The Pretoria High Court judgment recently found in favour of telecommunications group Altech in a case that found that value-added network service (VANS) licensees are allowed to build their own networks in competition with the incumbent operators. The High Court subsequently refused the Communications Minister, Ivy Matsepe-Casaburri, the right to appeal against its judgement.
It appears that the Minister will not be pursuing an appeal in the Supreme Court, the last avenue she can follow in an attempt to have the High Court ruling overturned.
"We are pleased that the Minister seems prepared to accept the Court's decision. Our members are eager to start transforming the market to make it more open and competitive to the benefit of consumers and businesses," says Silber. "If entrepreneurs are empowered to build networks, we can expect to see an outcome for the common good of the country and its citizens."
Silber says that the High Court's ruling upholds ISPA's view that VANS licensees have in reality had the right to "self provide" their own infrastructure since 1 February 2005, according to the Electronic Communications Act.
This is despite the Minister's attempt to "clarify" the Act and nullify the self-provisioning clause by issuing an extra-legal press statement two days before it took effect, Silber adds. Many pioneering independent networks are already operating and the High Court ruling will allow them to attract investment and expand their networks.
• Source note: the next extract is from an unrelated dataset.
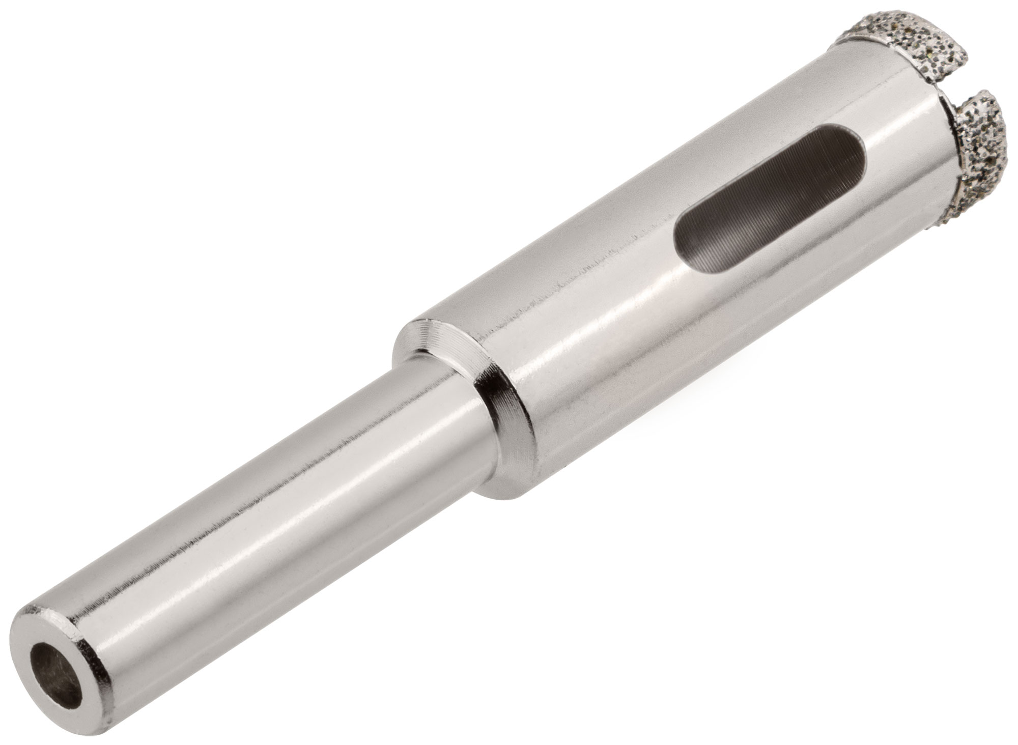 Изготовлена из инструментальной стали с никелевым покрытием, обеспечивающим долговечность и защиту от коррозии. Режущая кромка усилена порошком из технических алмазов для эффективного и быстрого сверления.

"ISPA welcomes the news that ICASA has already announced its intention to issue electronic communications network service (ECNS) and electronic communications service (ECS) licences to VANS following the high court ruling," says Silber. "We trust that the regulator will now start looking at the other challenges that face the industry, such as frequency spectrum allocation. We hope that ICASA and the incumbents will cooperate in efficient usage of this national resource."
ICASA has asked VANS that want to convert their licences into an ECNS licence to provide details about their network rollout and to commit to implementing their networks within 12 months of receiving their licences. While VANS are not legally obliged to meet these requests, most are likely to cooperate with the regulator, says Silber.
ISPA also urges ICASA to define realistic cost structures for these new licences as soon as possible. A 30-fold mooted increase in licensing fees from 0.1% of revenue from licensed activities to 3% seems extreme, says Silber. There is a danger that these costs will be passed on to consumers.
ISPA is pleased however, that because of the High Court's decision there will no cost associated with licence conversion, which removes a big potential barrier to entry for new telecoms providers.
Concludes Silber: "Government still clearly wants to be involved in network infrastructure projects through state owned enterprises such as Sentech and Infraco. The rest of the world has shown that an open market leads to greater efficiency, more choice, and lower cost for consumers than a government-dominated one. However, an open market does not preclude government from targeting areas where it can address gaps left open by entrepreneurs.
"If government is truly prepared to accept the High Court ruling, then this marks big bang deregulation of the market and exciting times lie ahead for consumers, businesses and the industry alike."